I find the traditional methods for fabricating kitchen cabinets with hardwood plywood to be best. I don't use pocket screws or biscuits. For the box (both upper and base), ¾" plywood is used. The sides are rabbeted to accept the tops and bottoms. On some the tops/bottoms could be machined that way.

Fixed shelves and dividers are fitted in dadoes. For both base and uppers, the back edge is rabbeted to accept ¼" plywood. For both uppers and base, an integral hangrail is installed in the top back corner of the cabinet to enable it to be screwed to the wall. This hang rail can be in front of the ¼" back, or behind it. The rabbet for the backs can be deep enough to allow scribe on the back edge of the case to fit the wall.

The base cabinet is constructed with a top rail, front and back, that installs connecting the top of the ends together and glued and fastened to the rabbets at the top edge of the ends.
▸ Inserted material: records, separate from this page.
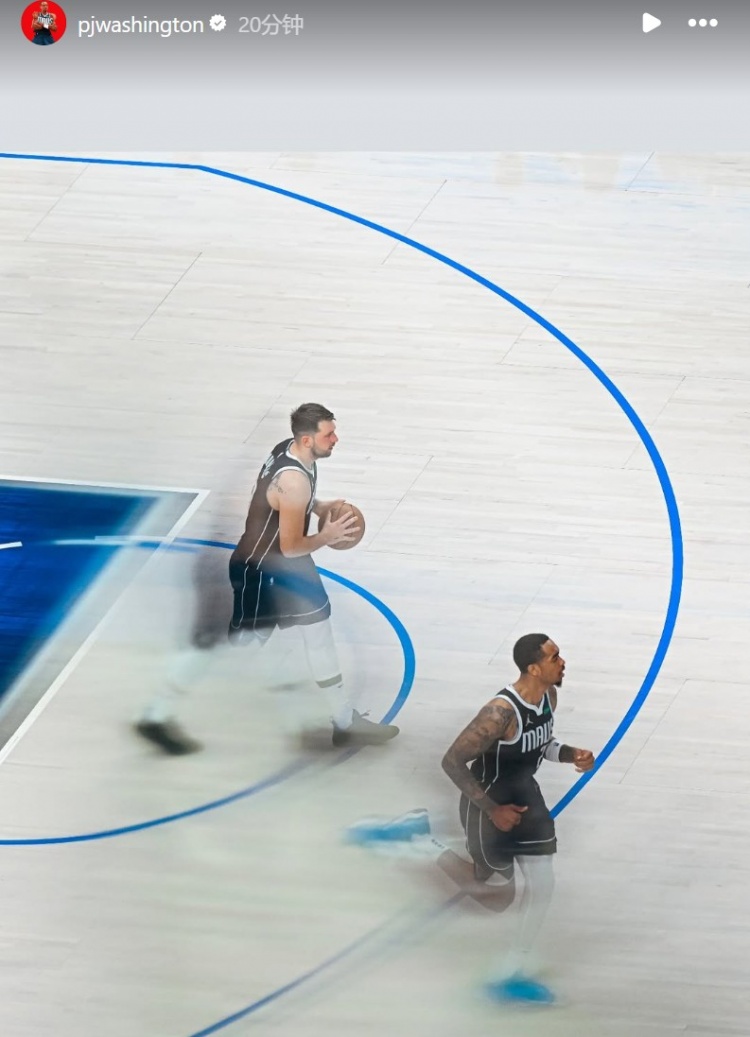 今天,獨行俠前鋒PJ-華盛頓在INS轉(zhuǎn)發(fā)了自己和東契奇的同框照。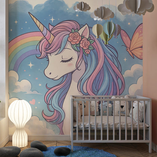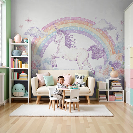 KidsWallTraga a magia para o seu espaço com o nosso papel de parede unicórnio arco-íris. Esta ilustração suave e pastel apresenta um adorável unicórnio pul...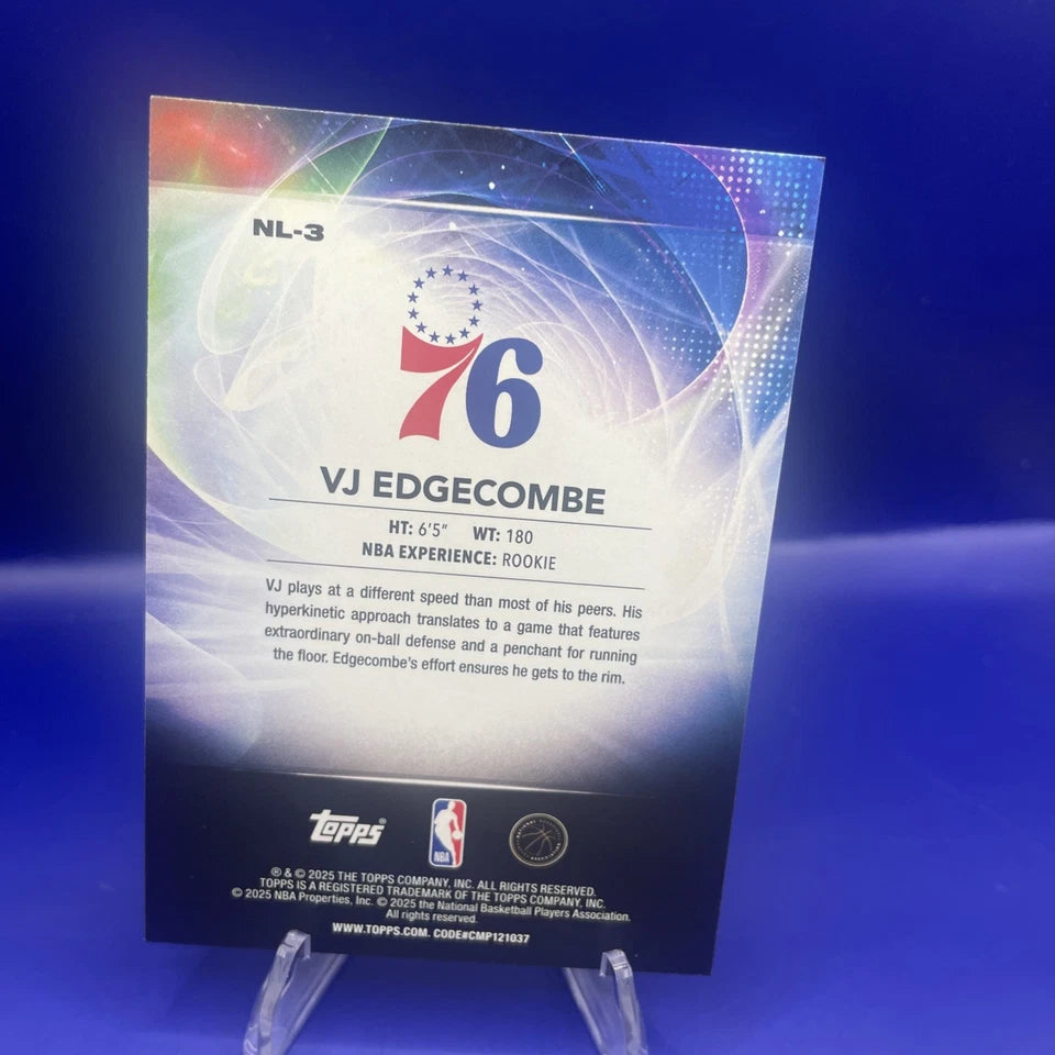The VJ Edgecomb Topps Rookie Card is a limited edition basketball trading card manufactured by Topps. This card features a rookie player and is a part of the No Limit Parallel series, making it a highly sought-after collectible for basketball fans and trading card enthusiasts. It is a valuable addition to any sports memorabilia collection, especially for fans of the player featured on the card.Record Breaking Sixer Guard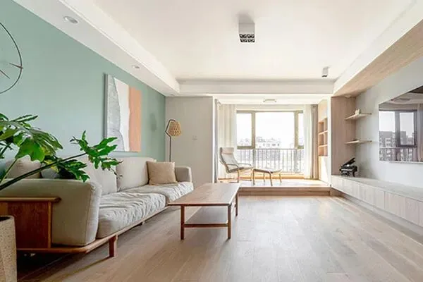 这一天,上海的气温有所回升,城市里洋溢着暖阳气息,走在上海市黄浦区的滨江区域,倍感舒适了。在步行了约10分钟之后,就来到了Alfred的新家了。轻叩大门,两个孩子欢愉的为我们开门了,一家人早已等候我们多时了。踏入家的内部,刹那间,一阵简约淡雅的北欧风情迎面而来了。设计师Joy将这个家以北欧风作为主导。在光洁温和的原木地板,与线条简练的舒怡沙发,一面清新素雅的淡绿色沙发背景墙,一并勾勒出了一隅舒欣的客厅空间了。有趣的是,这张沙发是一款网红的北欧沙发,它以高端原木作为了支撑,以米白色的优质面料作为了软包,营造出雅致的气韵来。这张沙发,它似乎在诉说着,欢迎你们的入座。而就当我们坐下的时候,彷如全然松弛,也把身心全部交给了这张舒展的沙发了。整个客厅里,不论是一家人在此闲聊两句,还是在这里看看电视,都是无比惬意的选择了。它抒写了家的舒适底色。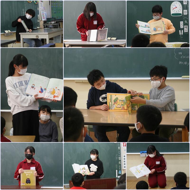 2021年12月21日 13時45分 図書委員会の皆さんが1~3年生とけやき学級の皆さんに読み聞かせをしてくれました。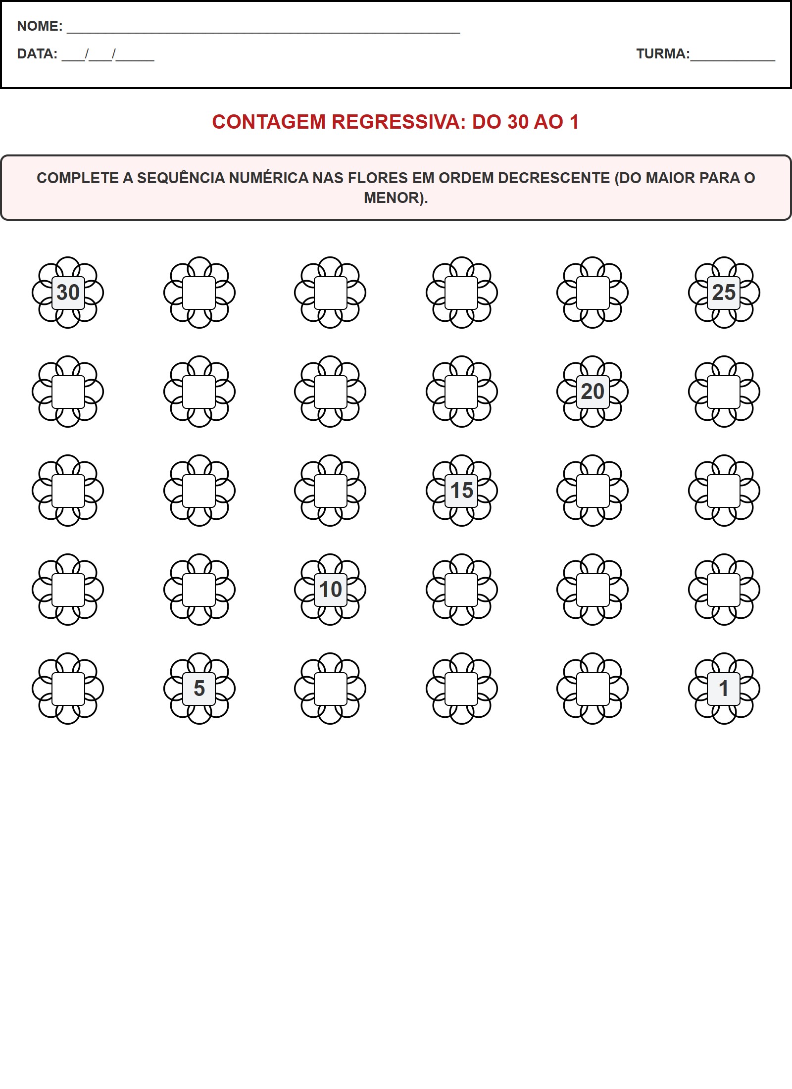 Atividade Sequência Numérica Ordem Decrescente 30 ao 1 ano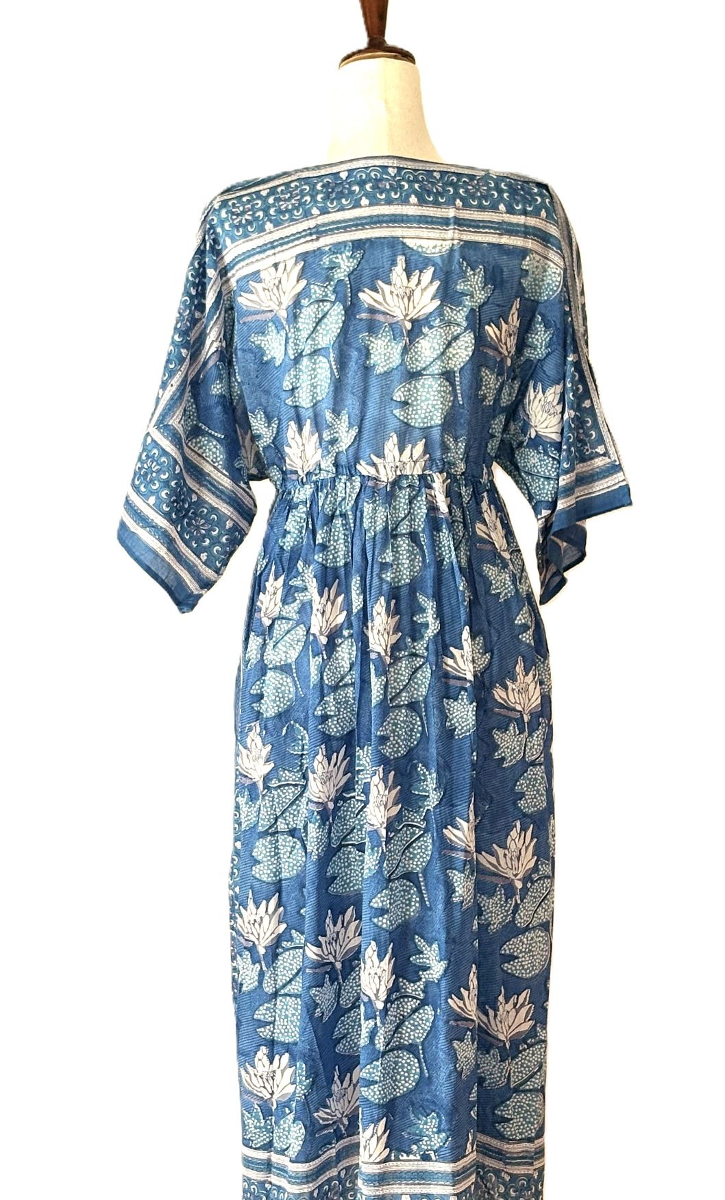 Japanese Style Border Print Float With A Drawstring Waist. Perfect for entertaining, resort, and lounging. Tailored, feminine, and slimming. Exceptional handmade block print in blue with a border print emphasizing the shoulders, sleeves and back panel. Covered tunnel empire tie adjusts to your body dimensions. V-neck, 3/4 sleeves, maxi length. Flattering cut. Classic silhouette that remains one of the top styles for resort and beach wear. Suitable for dining in or out, resort wear, and at-home leisure wear. Gorgeous as a swim cover up or as perfect poolside lounger. Perfect for lounging and also gift giving.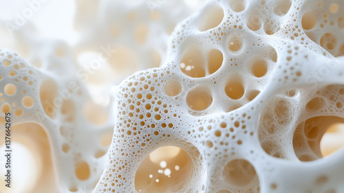Isolated background. Network, waves, cells of connections. Neurons and data flow 3D illustration. Abstract matter, bone porous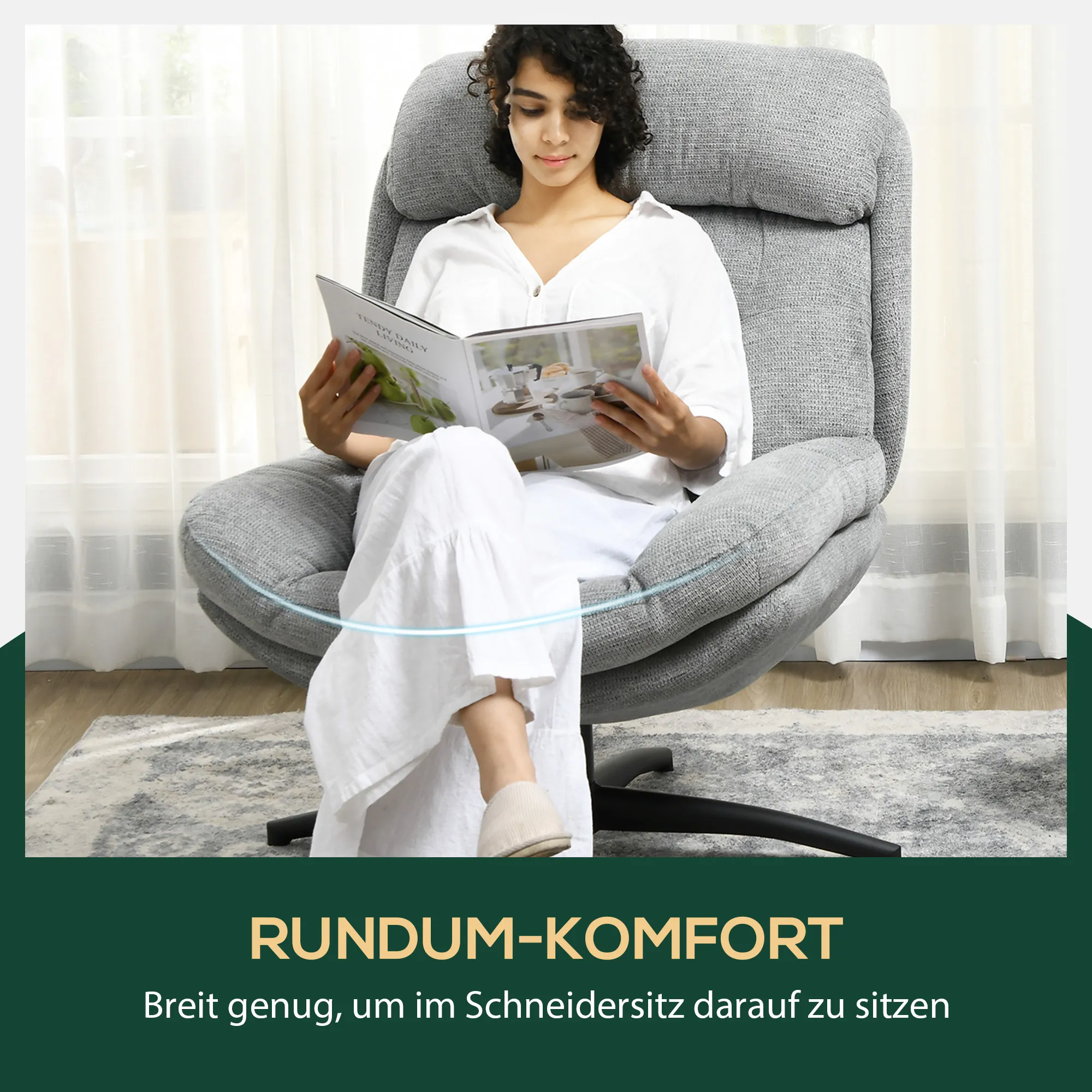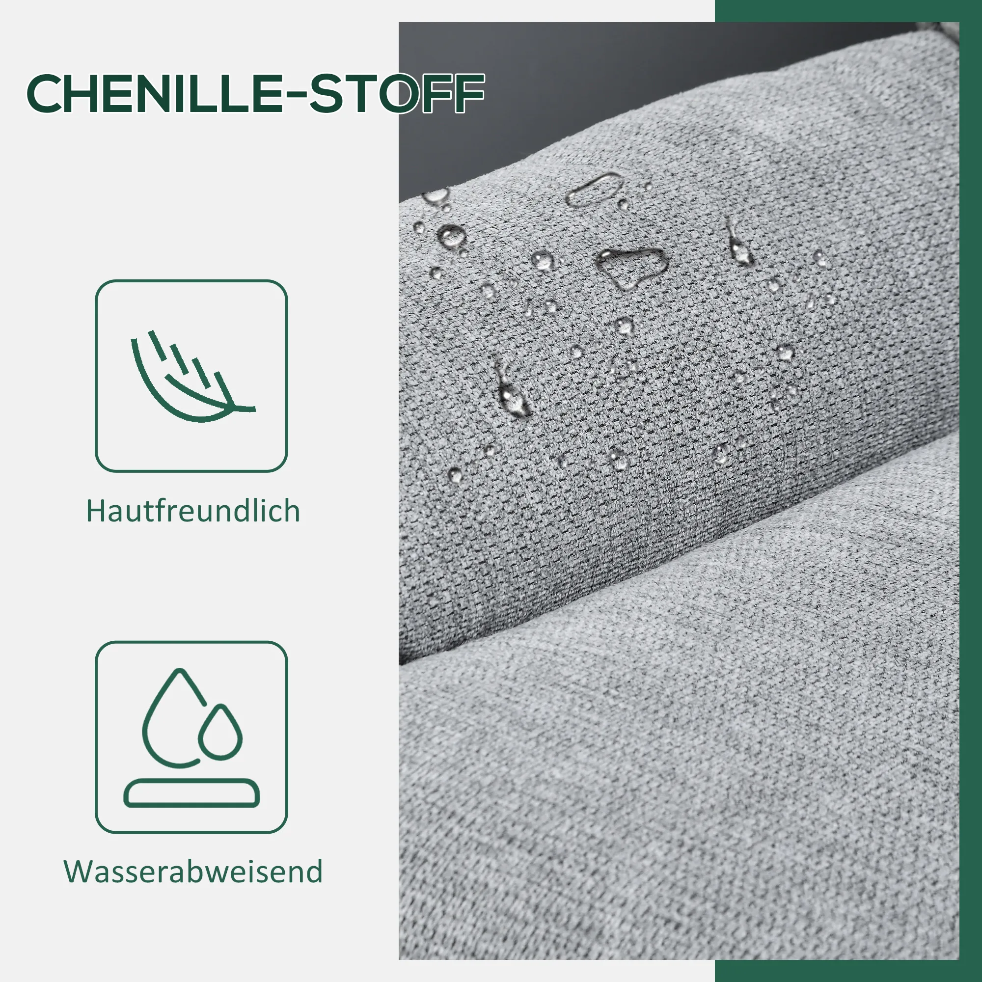 - Chenille-Stoff des Sessels kombiniert Komfort mit pflegeleichten Eigenschaften

The hang rail at the back of base cabinets gets fastened to the underside of the cross rail forming a supportive "L". 

Base cabinets can be made as a box which sits on a loose toe kick, or, the toe kick can be an integral part of the carcase. If a face frame is used, it's made after the cabinets are assembled, and when squared, assembled. The case is squared and the face frame is glued and clamped to the cabinet. The back of the cabinet is cut square and fits the rabbets snugly, which when installed squares the back of the cabinet.

Other than rabbeted joinery there may be other methods facilitating mitered parts, by using router bits, like "lock miter bits".

I usually sand the interiors of all cabinets before assembly, and do the finish when they are together. You mentioned "buying drawers". Doing that should necessitate having the cabinets assembled, deciding on the drawer slide hardware if any, and allowing for necessary clearances before ordering.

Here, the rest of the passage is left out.